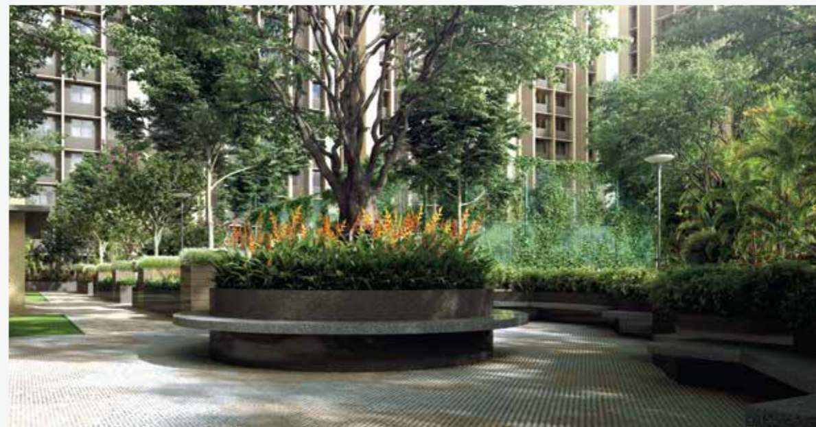
HEAD OVER TO THE SENIOR CITIZENS' PLAZA TO DISCUSS LIFE, THE UNIVERSE AND THE MERITS OF CUTTING CHAI.
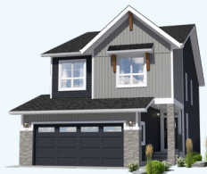
SHOWHOME THE HARRINGTON

Showhome hours: MON - THURS: 2 - 8PM FRI: Closed SAT - SUN: 12 - 5PM
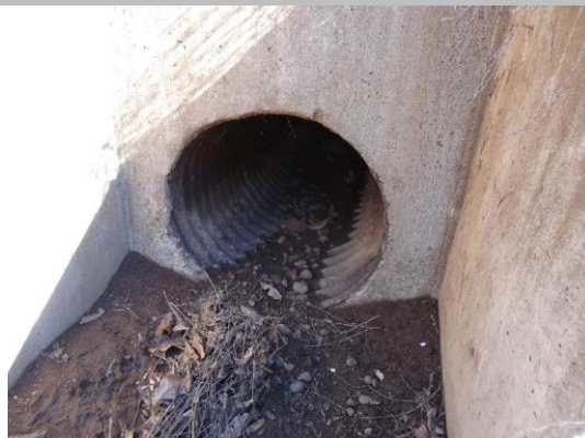
LS view: U type concrete headwall and CMP on levee slope. Needs cleaning and clearing of debris.
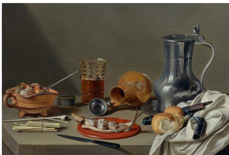
Pieter Claesz. Still life with smoker's requisites. 1627. Oil on panel. CHF 500 000 – 700 000
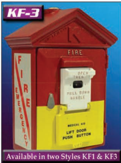
Available in two Styles KF1 & KF3

Need a Fire Alarm Call Box that can be strategically located for special town-municipal functions without the hassle?

ASSIGNMENT: In your copy, repeat the records above exactly and include no images.

TASK OUTPUT:
HEAD OVER TO THE SENIOR CITIZENS' PLAZA TO DISCUSS LIFE, THE UNIVERSE AND THE MERITS OF CUTTING CHAI.
SHOWHOME THE HARRINGTON

Showhome hours: MON - THURS: 2 - 8PM FRI: Closed SAT - SUN: 12 - 5PM
LS view: U type concrete headwall and CMP on levee slope. Needs cleaning and clearing of debris.
Pieter Claesz. Still life with smoker's requisites. 1627. Oil on panel. CHF 500 000 – 700 000
Available in two Styles KF1 & KF3

Need a Fire Alarm Call Box that can be strategically located for special town-municipal functions without the hassle?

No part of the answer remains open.